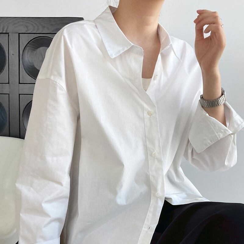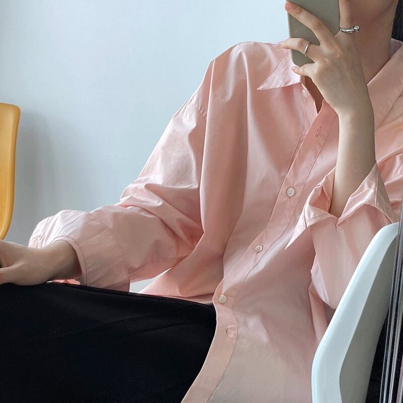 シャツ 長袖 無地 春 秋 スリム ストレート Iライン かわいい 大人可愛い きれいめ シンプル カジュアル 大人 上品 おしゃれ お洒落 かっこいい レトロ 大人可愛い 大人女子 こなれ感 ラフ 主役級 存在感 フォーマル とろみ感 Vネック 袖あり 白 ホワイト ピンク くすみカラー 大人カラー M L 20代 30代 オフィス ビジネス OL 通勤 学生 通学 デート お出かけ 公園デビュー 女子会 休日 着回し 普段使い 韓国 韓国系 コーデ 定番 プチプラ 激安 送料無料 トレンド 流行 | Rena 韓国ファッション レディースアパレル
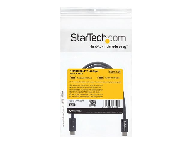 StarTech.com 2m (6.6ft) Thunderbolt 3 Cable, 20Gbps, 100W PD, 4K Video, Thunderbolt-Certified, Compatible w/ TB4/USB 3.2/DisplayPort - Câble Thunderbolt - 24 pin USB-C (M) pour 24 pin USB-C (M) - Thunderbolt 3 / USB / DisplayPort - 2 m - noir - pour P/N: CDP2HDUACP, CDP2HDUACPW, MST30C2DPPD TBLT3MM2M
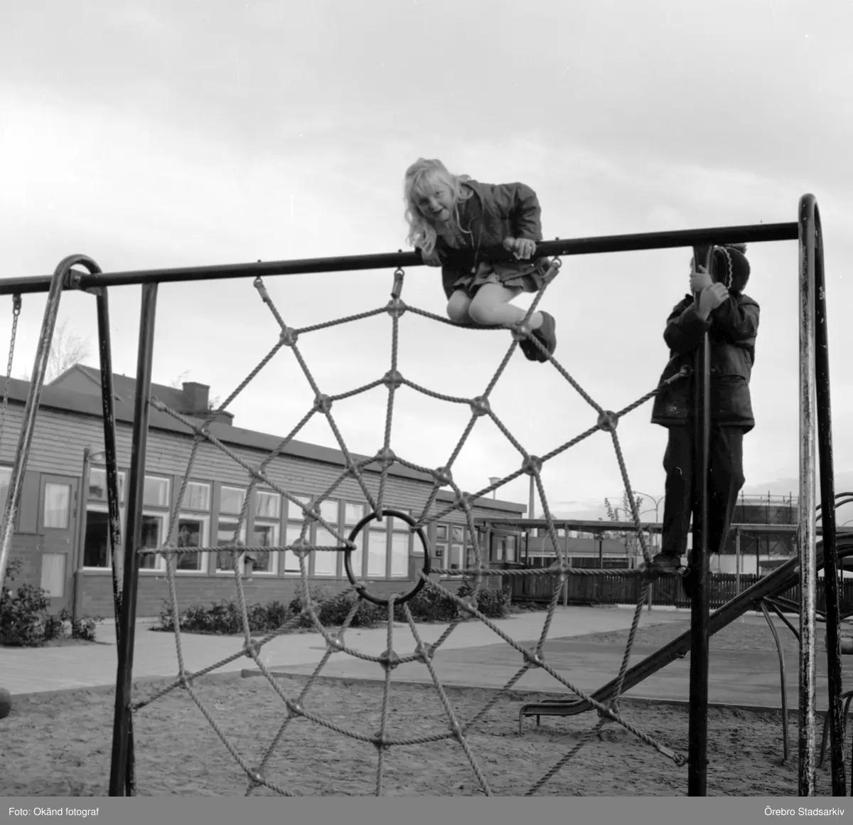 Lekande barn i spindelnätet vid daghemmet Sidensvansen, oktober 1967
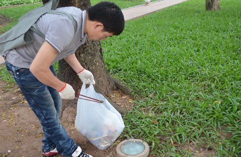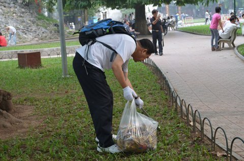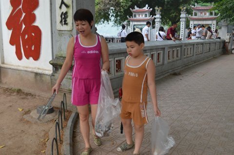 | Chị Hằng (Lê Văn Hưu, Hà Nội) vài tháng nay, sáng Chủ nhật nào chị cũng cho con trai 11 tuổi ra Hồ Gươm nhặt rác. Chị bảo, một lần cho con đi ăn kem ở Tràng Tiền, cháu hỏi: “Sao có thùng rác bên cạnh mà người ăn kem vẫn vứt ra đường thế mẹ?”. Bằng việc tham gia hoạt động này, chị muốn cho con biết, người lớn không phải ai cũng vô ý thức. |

Exercise requirements -
All of the material above must be given again verbatim, except for the pictures.

Exercise solution -
 シャツ 長袖 無地 春 秋 スリム ストレート Iライン かわいい 大人可愛い きれいめ シンプル カジュアル 大人 上品 おしゃれ お洒落 かっこいい レトロ 大人可愛い 大人女子 こなれ感 ラフ 主役級 存在感 フォーマル とろみ感 Vネック 袖あり 白 ホワイト ピンク くすみカラー 大人カラー M L 20代 30代 オフィス ビジネス OL 通勤 学生 通学 デート お出かけ 公園デビュー 女子会 休日 着回し 普段使い 韓国 韓国系 コーデ 定番 プチプラ 激安 送料無料 トレンド 流行 | Rena 韓国ファッション レディースアパレル
 StarTech.com 2m (6.6ft) Thunderbolt 3 Cable, 20Gbps, 100W PD, 4K Video, Thunderbolt-Certified, Compatible w/ TB4/USB 3.2/DisplayPort - Câble Thunderbolt - 24 pin USB-C (M) pour 24 pin USB-C (M) - Thunderbolt 3 / USB / DisplayPort - 2 m - noir - pour P/N: CDP2HDUACP, CDP2HDUACPW, MST30C2DPPD TBLT3MM2M
 Lekande barn i spindelnätet vid daghemmet Sidensvansen, oktober 1967
 | Chị Hằng (Lê Văn Hưu, Hà Nội) vài tháng nay, sáng Chủ nhật nào chị cũng cho con trai 11 tuổi ra Hồ Gươm nhặt rác. Chị bảo, một lần cho con đi ăn kem ở Tràng Tiền, cháu hỏi: “Sao có thùng rác bên cạnh mà người ăn kem vẫn vứt ra đường thế mẹ?”. Bằng việc tham gia hoạt động này, chị muốn cho con biết, người lớn không phải ai cũng vô ý thức. |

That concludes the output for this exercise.